Monday, January 5, 2015

#5. How I Get Down


I could never be on Top Chef.

First, the length of the application. Maybe there is a reason you never see more than 2 or 3 really great chefs each season and the reason is 26 pages of menu descriptions, videos, social media reference-getting, and essay questions. Real chefs are busy cheffing and then drinking and then sleeping so.......

Second, I cannot sharpen a knife to save my life and so I use my SaniSafe and an antler-handled steel that is about 100 years old and made out of the earth's first carbon, probably, instead of my Global and Shun, pretty much ALL OF THE TIME, because it can be kept up fairly easily, instead of feeling inferior about one's ragged vegetable cuts.
If you're a line cook you should probably be like a Renaissance bladesmith and be able to get a razor-edge from a little tiny stone with no problem. I can hone, but I'm no shaver saver. I have also never sawed an animal in half, which seems to be a requirement these days.

Third, I like shortcuts. If something works as well or better than something else, I don't want kitchen snobbery against hillbillies to raise it's ugly head when I'm just trying to show you how the grannies do.

If you're a caterer/private chef/stay-at-home mom you can save yourself a lot of time/trouble by not trying to impress anyone and just cooking if you will spend less money on cheaper knives. This and other stories that will make food people cringe. Please come inside.

PASTA does not know if the water is hot from the faucet or the stove and the iron content is the same if your water is filtered in your kitchen so how about saving an extra 20 minutes and starting with hot to boil it? Oh fuck. Chemists can back off. I asked my Master Chef teacher this in cooking school and he had to give it to me. If you live in Appalachia and your hot water is rusty, this is not useful advice, everyone else, you are welcome.

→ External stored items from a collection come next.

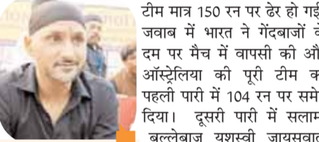
गावत का प्रदर्शन बहुत अच्छा रहा है। ऑस्ट्रेलिया में दबाव बनाना एक कठिन काम है, जो उन्होंने अब तक किया है: हरभजन सिंह

पूरुणिया (बिहार), 23 नवम्बर (एजेंसियां)। बॉर्डर-गावस्कर ट्रॉफी सीरीज के पहले मुकाबले में दूसरे दिन के खेल की समाप्ति पर टीम इंडिया का पलड़ा हावी नजर आ रहा है। मैच का पहला दिन गेंदबाजों के नाम रहा था, लेकिन दूसरे दिन भारतीय सलामी बल्लेबाजों ने शानदार बल्लेबाजी की और मैच पर पूरी तरह से नियंत्रण बना लिया। पूर्व भारतीय ऑफ स्पिनर हरभजन सिंह ने कहा है कि जसप्रीत बुमराह की अनुप्रावित वाली टीम सीरीज का पहला मैच जीतेगी और बॉर्डर-गावस्कर ट्रॉफी 4-1 से जीतकर ऑस्ट्रेलिया में जीत की हैट्रिक पूरी करेगी। भारत ने बॉर्डर-गावस्कर ट्रॉफी में ऑस्ट्रेलिया के खिलाफ पिछली चार टेस्ट श्रृंखलाएं जीती हैं जिसमें दो बार भारत में और दो बार ऑस्ट्रेलिया में उसे जीत मिली है। इस बार जीत के साथ ऑस्ट्रेलिया में सीरीज जीत की हैट्रिक बनेगी। नियमित कप्तान रोहित शर्मा की अनुपस्थिति में कार्यवाहक कप्तान बुमराह ने शुक्रवार को टॉस जीतकर पहले बल्लेबाजी करने का फैसला किया, लेकिन पहली पारी में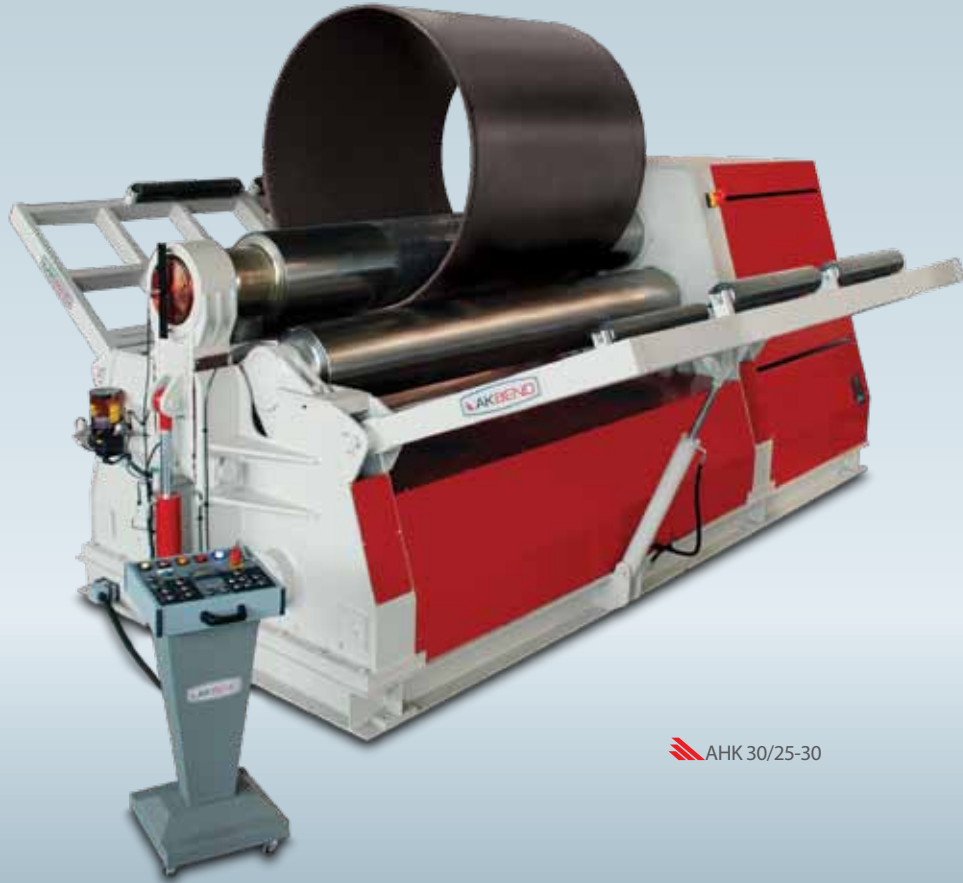
AKBEND AHK 30/25-30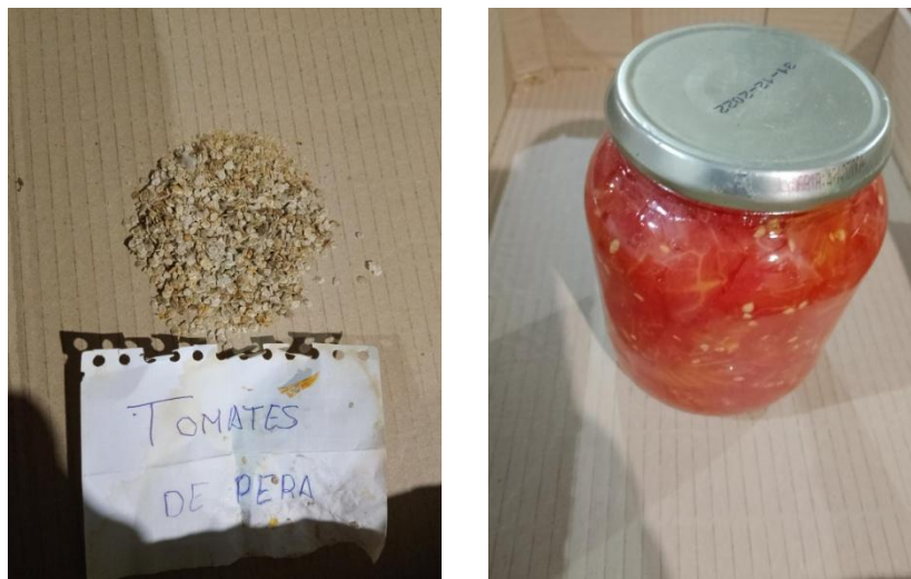
Figura 6 y 7. Semillas de tomate de pera guardadas por un entrevistado y tarro de conserva de tomate realizado por él mismo.

En este estudio se han podido observar y conocer semillas y conservas realizadas por los propios horticultores; como se puede observar en la Figuras 6, los agricultores guardan sus propias semillas año tras año con esmero para luego obtener de ellas frutos valiosísimos para realizar diferentes conservas tales como la conserva de tomate que ha sido protagonista en el Valle del Tiétar durante generaciones (Figura 7).

GARLIC is so much easier handled using a microplane to grate it instead of the whole smashing it with salt all over your cutting board situation. It saves it from staining your board and is less messy all around. While we are at it, is your microplane the skinny long one? Go get the shorter, fatter one. She's better at getting the job done without your cheese or garlic or lemon or whatever slipping off the tiny little edges.

FREEZER BOUILLON  is not my idea, but I make mine with no fennel, I add four roasted portobellas and use homemade tomato paste which is just reduced crushed tomatoes with some sugar and wine. It takes a bit of time, but it makes about a quart and is worth it or I wouldn't bother telling you because you know I hate typing. When you make soup or gravy throw some in instead of a creepy packet with all the chemicals, Not having to chop and prep a bunch of vegetables as a base is a fantastic headstart on a school night when you had to run errands all afternoon and do not want to feed the people you live with pizza again. I make one with just herbs and salt too, and stir it into green soups and risotto and pasta sauce.

CANDIED NUTS AND SEEDS make a salad for children more fun and I scoffed at the nice lady that taught me how to do it with just powdered sugar but I will give it up to Carmen Cortez for this little trick: Boil 2 cups of water, blanch 1 cup of nuts for 30 seconds. I do not care which nuts. You choose. Strain, throw in bowl with 1/2 cup powdered sugar, spices if you want, maybe some chili flakes. Bake at 400 on middle rack on lined sheet pan until they are toasted. Check every five minutes. Your oven might be hotter than mine.

CREUSET BUT NEVER ALL-CLAD unless Bar-Keeper's Friend is really your friend. I know it looks so pretty on TV, but just don't. Creuset is the Meryl Streep of cookware.

I hope these things are useful to you in this New Year of our planet spinning crazy tiny in the huge Outer Space. We could all use five more minutes and a cleaner kitchen and I feel like we are taking ourselves too seriously. Make it easier by cheating.